A common use case for clinicians and researchers is to gather information about a single variant and interpret it in the disease context. Genome Nexus allows users to search a variant and access, visualize, and analyze the integrated information described above through an intuitive web interface that is specifically designed for interpreting variants in cancer. Figure 3 shows an example of the interpretation of ERBB2 L755S using Genome Nexus. First, the user searches for a variant (Fig 3A), which takes them to the Variant Page (Fig 3B) where all annotations about ERBB2 L755S from various sources are presented and organized on the basis of their relevance to cancer. From the lollipop diagram of ERBB2, one can see that the variant occurs in the kinase domain, that it is a mutational hotspot in cancer, and that it is oncogenic and a biomarker of drug sensitivity on the basis of both OncoKB and CIViC. There are also ubiquitination and phosphorylation sites adjacent to the variant. One can see that several sources are in agreement, that is, both the functional prediction sources, PolyPhen-2 and SIFT, predict this event to have the highest impact on their respective scales. OncoKB also annotates this variant as oncogenic and as gain-of-function. At first sight, there seems to be discordance between the population databases dbSNP and gnomAD. There is an ID for dbSNP, but not for gnomAD. Using the link to directly go to dbSNP helps clarify this discrepancy: there are no frequency data in dbSNP, indicating that the variant is not a common germline variant. For each gene, the canonical transcript is annotated by default, in this case ENST00000269571. One can, however, investigate any transcript for ERBB2 in addition to the default one by clicking on the All transcripts dropdown (Fig 3D). A common issue is that people refer to variants only by their amino acid change, which can differ across transcripts. For example, in two RefSeq IDs (NM_001005862.1 and NM_004448.2), the amino acid change is L725S instead of L755S. To further investigate a different transcript, one can click on the ID and see the lollipop representation and other associated annotations. Finally, to get the data for each annotation source in a format easily used in any programming language, one can click on the JSON link to retrieve the raw representation from the API in JSON.

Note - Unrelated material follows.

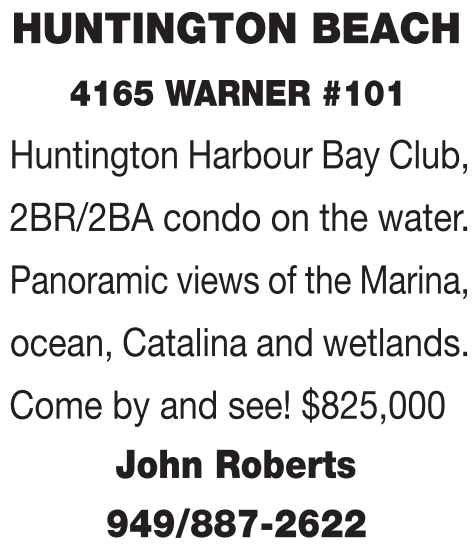 Huntington Harbour Bay Club, 2BR/2BA condo on the water. Panoramic views of the Marina, ocean, Catalina and wetlands. Come by and see! $825,000 John Roberts 949/887-2622
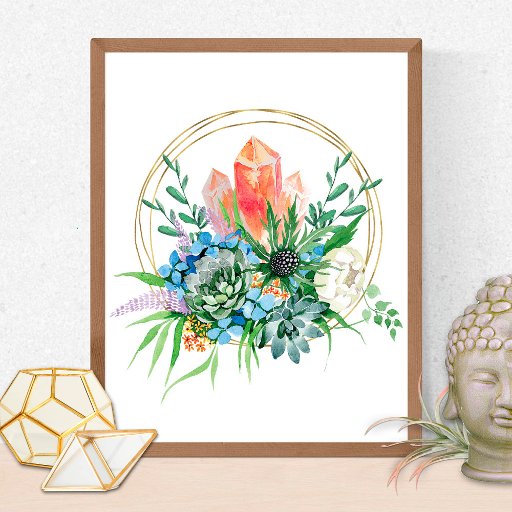 Boho Bohemisch Succulent Bouquet Watercolor Modernes Chic Design mit goldenem Kreis und Citrine Kristallen. Perfekt für Energieheiler, Reiki, Massagetherapeut, Psychik, Kartenleser, Wellness-Center Industrie. Text bereit für Ihre Informationen. Ändern Sie die Hintergrundfarben und Textstile entsprechend Ihren Anforderungen.

Interpreting Variants in a Cohort in cBioPortal

A common use case in cancer genomics is to analyze all mutations in a gene that occurred in a patient cohort (Fig 4), for example, to study the landscape of somatic driver mutations to the gene in the cohort. Although one can identify potential driver mutations on the basis of their frequencies (ie, hotspot mutations), less frequent mutations are more difficult to interpret and therefore would require additional annotations for their interpretation. Figure 4 shows an example of the analysis of 799 EGFR mutations in a cohort of 10,945 patients sequenced using the MSK-IMPACT² assay and visualized in the cBioPortal. All mutations are annotated by the Genome Nexus API in real time when the mutations are visualized, providing relevant information from various sources to help users interpret the mutations (Figs 4A-4E). In this example, 548 mutations occur in identified cancer mutational hotspots in EGFR.⁵ The most frequent EGFR mutations in this cohort (eg, L858R, T790M, and E746_A750del) occur in the kinase domain. Five hundred eighty-six mutations were annotated as oncogenic or likely oncogenic (driver) by OncoKB, including the majority of hotspot mutations (540) and 46 less frequent mutations. The remaining mutations (213) were annotated as likely neutral or of unknown significance. Figure A1 shows another example of analysis of 74 CCND1 (cyclin D1) mutations in TCGA samples. Missense mutations in 19 samples were identified as hotspot mutations on residues T286 and P287. As shown in Figure A1, T286 is a ubiquitination site and phosphorylation site. It is known that T286 ubiquitination is dependent on its phosphorylation, and mutations of T286 reduce ubiquitination and subsequent degradation of the oncoprotein.³⁹ Since the kinase GSK-3β, which phosphorylates T286, is proline-directed kinase,⁴⁰ mutations of P287 will inhibit the phosphorylation of T286 by disrupting the interaction between GSK-3β and cyclin D1. In addition to the two hotspots, OncoKB annotated five nonsense mutations and two in-frame deletions as drivers, all of which are near the C-terminal end adjacent to T286. This implies, consistent with the literature, that disrupting the ubiquitination of CCND1 is the predominant mechanism in tumors to stabilize this oncoprotein.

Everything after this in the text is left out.